EXERCISE DESCRIPTION
An exact, picture-free copy of the listing is required.
** DATA EXCERPT follows **
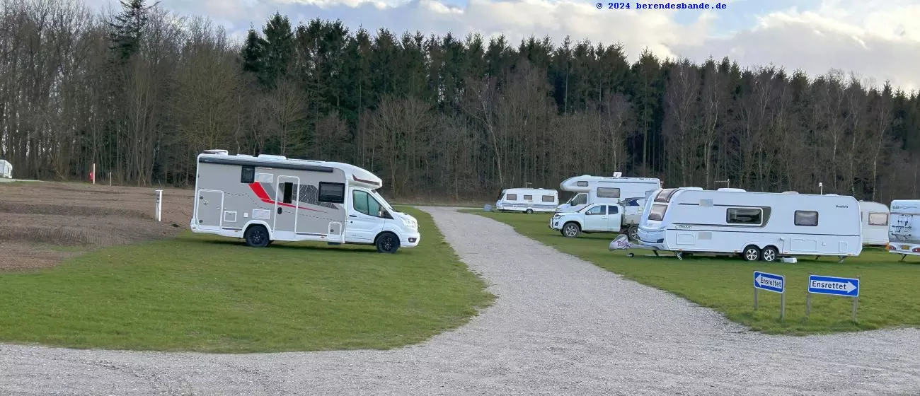 Dann ist es so weit, Emma ist einsatzbereit und es geht los. Der grobe Plan legt die Ostseite von Dänemark mit den Inseln als Ziel fest. Wir fahren eine große Etappe über die A1, passieren den Elbtunnel ohne Probleme, wechseln auf die A7 und fahren über die dänische Grenze bis Kolding. Dort bleiben wir die erste Nacht bei Kolding City Camp. Der Platz wurde 2023 eröffnet. Demnach ist alles modern und schön. Für 20 € ist alles inklusive. Spazieren gehen mit den Hunden ist kein Problem. Man hört zwar ein leichtes Rauschen von der Autobahn, stören oder gar schlafraubend ist das allerdings nicht. Sollte das Büro nicht besetzt sein, findet man den Verwalter in dem großen Wohnwagen links oben am Waldrand.
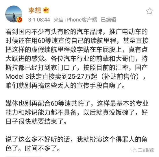 李想称,“看到国内不少有头有脸的汽车品牌,推广电动车的时候还在用60等速宣传自己的续航里程,甚至直接把这样的虚假续航里程数字贴在车屁股上,真有点大跃进的感觉。各位汽车行业的前辈和大哥们,特斯拉都已经打到家门口了,按照目前的汇率,国产Model 3铁定直接卖到25-27万起(补贴前售价),咱们就别再搞这些丢人的宣传手段自嗨了。”
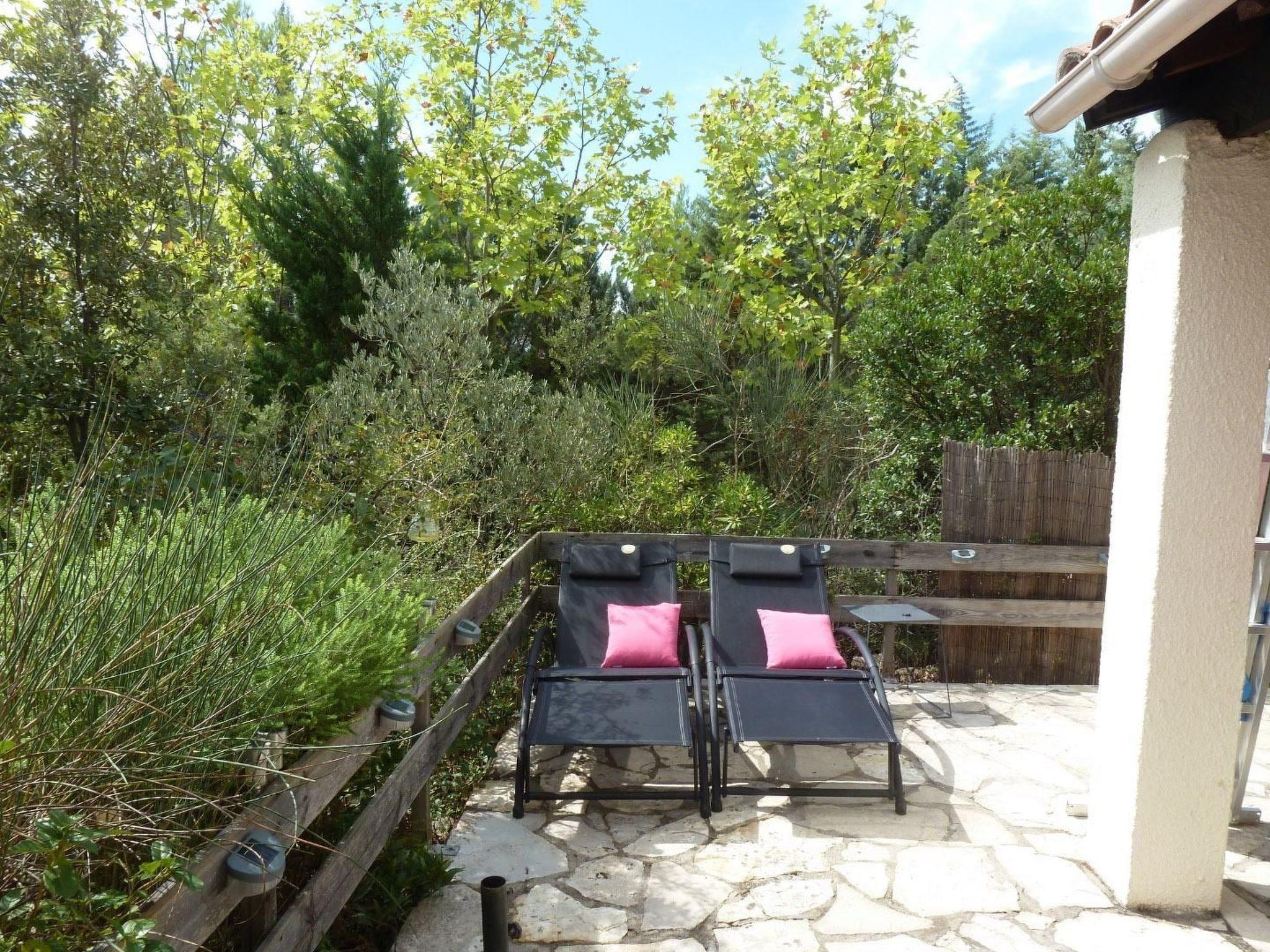 Lilliputienne has 3 terraces, a front terrace with 2 wooden deckchairs, a table with 4 chairs and a large parasol, a side terrace with a bench and a rear terrace where there is a table in the shade around the grape tree and 2 more deckchairs for sunbathing. All terraces guarantee optimum privacy, partly due to vegetation. You can cool down under the outdoor shower if necessary. Outside there is a covered terrace with 2 wooden loungers, large parasol, a table with parasol and 4 chairs. Side terrace with chest for the cushions (I put a tablecloth over it, it is rather white and so looks like a freezer!), a bench, chair and parasol. Behind, the grape tree surrounded by a table with four chairs. All the terraces are lit. At the back of the property there are 2 more deck chairs with parasol and the clothes lines. Additional chairs can also be found behind the house.
** End of DATA EXCERPT **
YOUR SOLUTION
 Dann ist es so weit, Emma ist einsatzbereit und es geht los. Der grobe Plan legt die Ostseite von Dänemark mit den Inseln als Ziel fest. Wir fahren eine große Etappe über die A1, passieren den Elbtunnel ohne Probleme, wechseln auf die A7 und fahren über die dänische Grenze bis Kolding. Dort bleiben wir die erste Nacht bei Kolding City Camp. Der Platz wurde 2023 eröffnet. Demnach ist alles modern und schön. Für 20 € ist alles inklusive. Spazieren gehen mit den Hunden ist kein Problem. Man hört zwar ein leichtes Rauschen von der Autobahn, stören oder gar schlafraubend ist das allerdings nicht. Sollte das Büro nicht besetzt sein, findet man den Verwalter in dem großen Wohnwagen links oben am Waldrand.
 李想称,“看到国内不少有头有脸的汽车品牌,推广电动车的时候还在用60等速宣传自己的续航里程,甚至直接把这样的虚假续航里程数字贴在车屁股上,真有点大跃进的感觉。各位汽车行业的前辈和大哥们,特斯拉都已经打到家门口了,按照目前的汇率,国产Model 3铁定直接卖到25-27万起(补贴前售价),咱们就别再搞这些丢人的宣传手段自嗨了。”
 Lilliputienne has 3 terraces, a front terrace with 2 wooden deckchairs, a table with 4 chairs and a large parasol, a side terrace with a bench and a rear terrace where there is a table in the shade around the grape tree and 2 more deckchairs for sunbathing. All terraces guarantee optimum privacy, partly due to vegetation. You can cool down under the outdoor shower if necessary. Outside there is a covered terrace with 2 wooden loungers, large parasol, a table with parasol and 4 chairs. Side terrace with chest for the cushions (I put a tablecloth over it, it is rather white and so looks like a freezer!), a bench, chair and parasol. Behind, the grape tree surrounded by a table with four chairs. All the terraces are lit. At the back of the property there are 2 more deck chairs with parasol and the clothes lines. Additional chairs can also be found behind the house.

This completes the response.